In a previous study, we identified a CaM binding domain in the C terminus of TRPV4 as the structural basis of the Ca2+-dependent potentiation process [11]. Although CaM binding is a prerequisite for potentiation, the molecular mechanism that couples CaM binding to enhanced channel activity has not been resolved. Using protein interaction experiments and functional assays, we show that the molecular correlate of Ca2+-dependent current potentiation is disruption of an interdomain interaction within TRPV4 resulting from CaM binding to a C-terminal site.

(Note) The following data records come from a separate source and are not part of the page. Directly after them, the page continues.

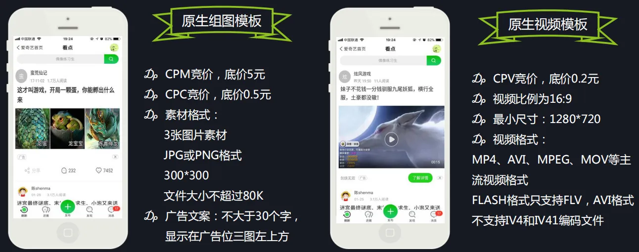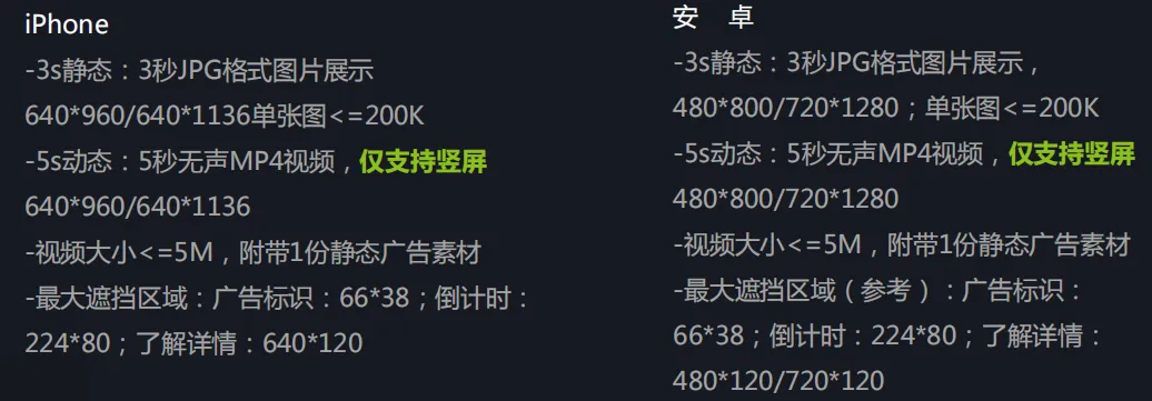 爱奇艺广告创意素材要求分iPhone和安卓两种,具体数据可以看下图: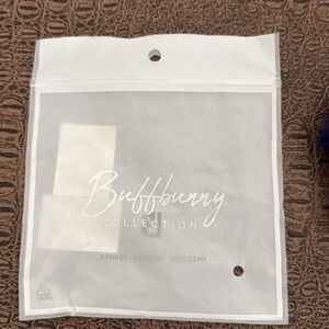 Buffbunny Collection scrunchie in midnight navy blue, brand new with tags, soft stretch fabric, durable elastic for comfortable hold, perfect for gym, workouts, everyday styling, or casual wear, includes original Buffbunny pouch, 74% nylon 26% spandex, machine washable, women’s accessory, hair scrunchie, activewear core, athleisure core, casual core.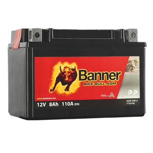 АКБ мото 8 А/часа BANNER BIKE Bull AGM-50812 12В Ток-110А 150/87/105мм Прямой YTX9-BS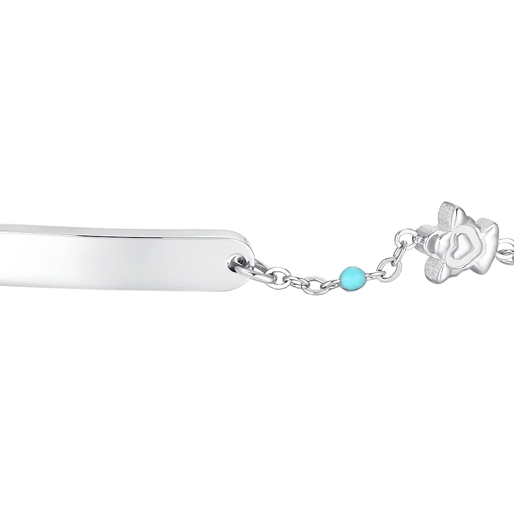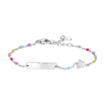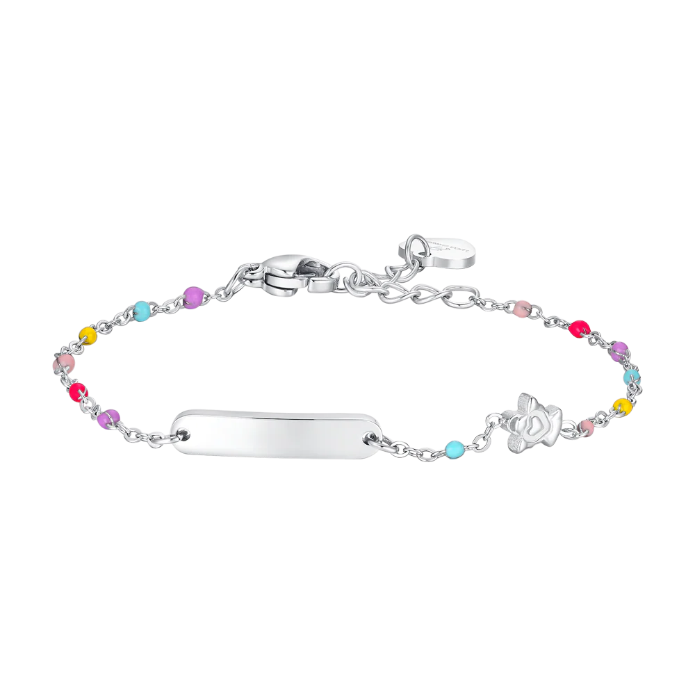 BRACCIALE BAMBINA IN ACCIAIO CON PIASTRA, ANGELO ED ELEMENTI MULTICOLOR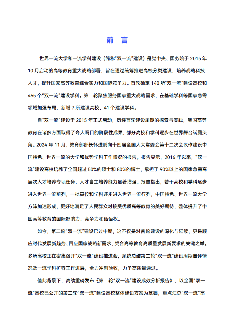 第一章全国“双一流”高校第二轮“双一流”建设目标

We provide experimental evidence for an underlying mechanism in which an N-terminal autoinhibitory domain forms a molecular switch that controls facilitation of TRPV4.

Results and Discussion

The C-terminal CaM binding site in TRPV4 binds to the CaM C lobe

Because CaM interaction with a C-terminal binding site in TRPV4 has been shown to be an essential step in the Ca2+-dependent potentiation of TRPV4 [11], we attempted to obtain initial clues about the underlying molecular mechanism by studying the CaM binding geometry. We analyzed the properties of the complex between CaM and C-terminal fragments of the human TRPV4 ortholog, and investigated the structural determinants within the CaM molecule that are involved in binding.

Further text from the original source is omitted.